Information shown:

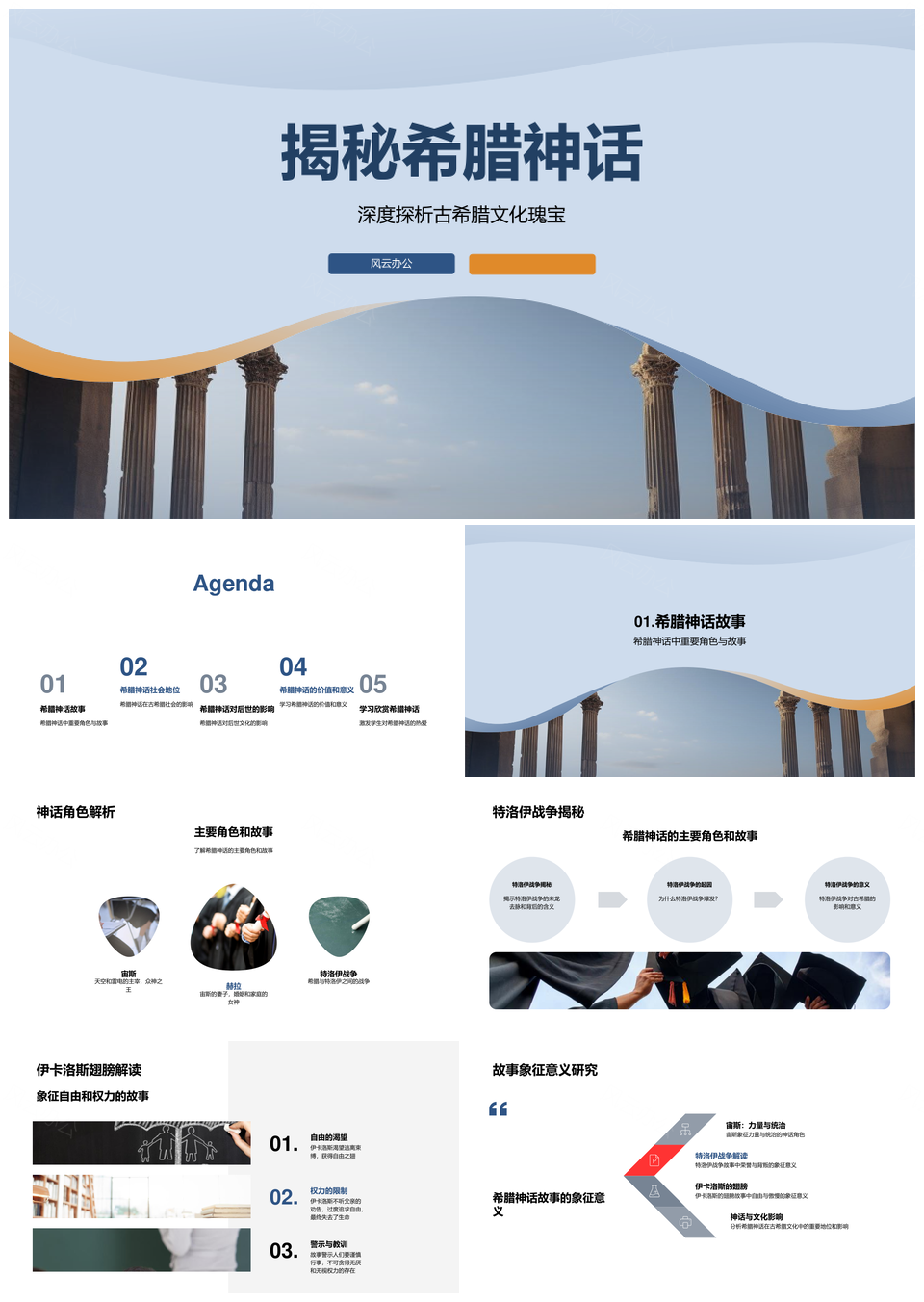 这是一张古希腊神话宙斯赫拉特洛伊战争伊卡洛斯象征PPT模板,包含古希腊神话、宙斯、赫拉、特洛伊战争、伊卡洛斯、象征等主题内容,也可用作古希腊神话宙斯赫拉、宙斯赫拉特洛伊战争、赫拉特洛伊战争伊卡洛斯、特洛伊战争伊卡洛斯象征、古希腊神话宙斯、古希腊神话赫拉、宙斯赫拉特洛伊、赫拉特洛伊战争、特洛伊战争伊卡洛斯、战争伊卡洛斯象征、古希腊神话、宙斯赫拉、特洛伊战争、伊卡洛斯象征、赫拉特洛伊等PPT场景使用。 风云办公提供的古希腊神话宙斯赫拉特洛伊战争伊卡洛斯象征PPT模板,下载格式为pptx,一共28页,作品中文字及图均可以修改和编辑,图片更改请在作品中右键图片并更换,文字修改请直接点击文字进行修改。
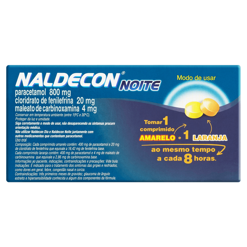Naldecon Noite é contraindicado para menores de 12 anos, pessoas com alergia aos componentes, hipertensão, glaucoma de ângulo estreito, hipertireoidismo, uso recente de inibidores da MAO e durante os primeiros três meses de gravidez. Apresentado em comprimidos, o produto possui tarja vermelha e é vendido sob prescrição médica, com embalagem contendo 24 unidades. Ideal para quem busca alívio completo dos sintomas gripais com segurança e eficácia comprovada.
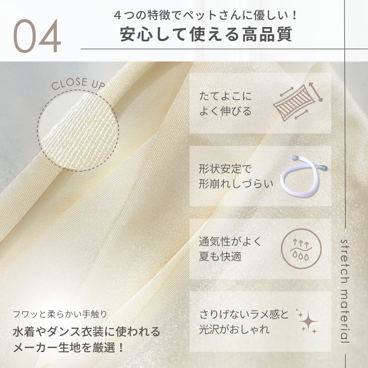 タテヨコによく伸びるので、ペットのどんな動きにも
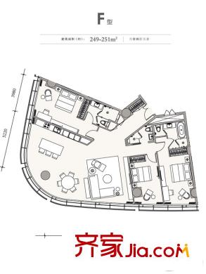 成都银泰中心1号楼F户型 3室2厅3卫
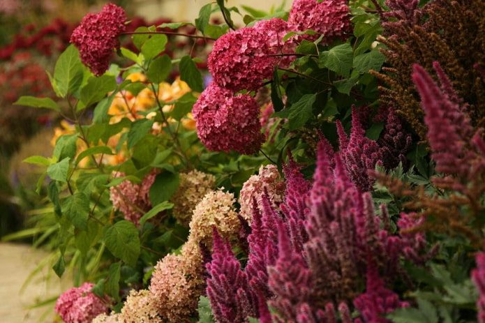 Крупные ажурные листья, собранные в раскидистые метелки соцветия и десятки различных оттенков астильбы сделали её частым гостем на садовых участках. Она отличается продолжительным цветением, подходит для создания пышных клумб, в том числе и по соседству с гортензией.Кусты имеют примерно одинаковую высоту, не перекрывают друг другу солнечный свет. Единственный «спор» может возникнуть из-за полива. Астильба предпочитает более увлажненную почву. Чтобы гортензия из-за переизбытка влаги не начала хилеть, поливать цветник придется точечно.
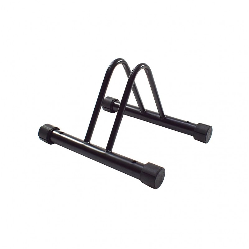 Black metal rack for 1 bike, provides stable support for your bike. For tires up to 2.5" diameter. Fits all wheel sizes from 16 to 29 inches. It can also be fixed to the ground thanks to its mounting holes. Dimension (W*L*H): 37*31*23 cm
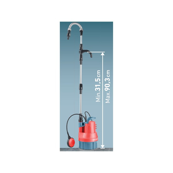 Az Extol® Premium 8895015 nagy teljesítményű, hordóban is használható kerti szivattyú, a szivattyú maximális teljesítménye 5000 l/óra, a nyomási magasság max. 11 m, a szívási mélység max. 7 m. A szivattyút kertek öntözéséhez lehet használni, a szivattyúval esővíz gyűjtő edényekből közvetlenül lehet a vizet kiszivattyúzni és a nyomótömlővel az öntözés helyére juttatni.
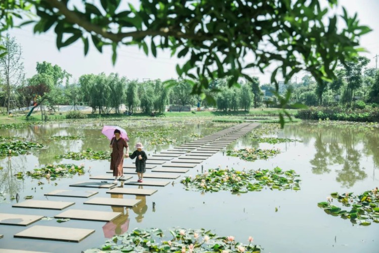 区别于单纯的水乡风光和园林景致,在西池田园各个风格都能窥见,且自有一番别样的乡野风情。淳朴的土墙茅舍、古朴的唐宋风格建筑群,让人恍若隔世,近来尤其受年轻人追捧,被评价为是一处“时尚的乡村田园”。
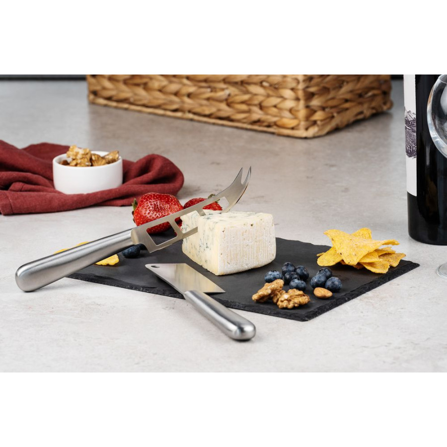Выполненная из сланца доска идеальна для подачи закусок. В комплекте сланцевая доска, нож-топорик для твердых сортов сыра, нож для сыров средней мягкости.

Problem to solve:
Begin with the line containing "区别于单纯的水乡风光和园林景" and end with the last line of the entries above. Copy those lines exactly, both ends included, and drop every picture.

The completed task:
 区别于单纯的水乡风光和园林景致,在西池田园各个风格都能窥见,且自有一番别样的乡野风情。淳朴的土墙茅舍、古朴的唐宋风格建筑群,让人恍若隔世,近来尤其受年轻人追捧,被评价为是一处“时尚的乡村田园”。
Выполненная из сланца доска идеальна для подачи закусок. В комплекте сланцевая доска, нож-топорик для твердых сортов сыра, нож для сыров средней мягкости.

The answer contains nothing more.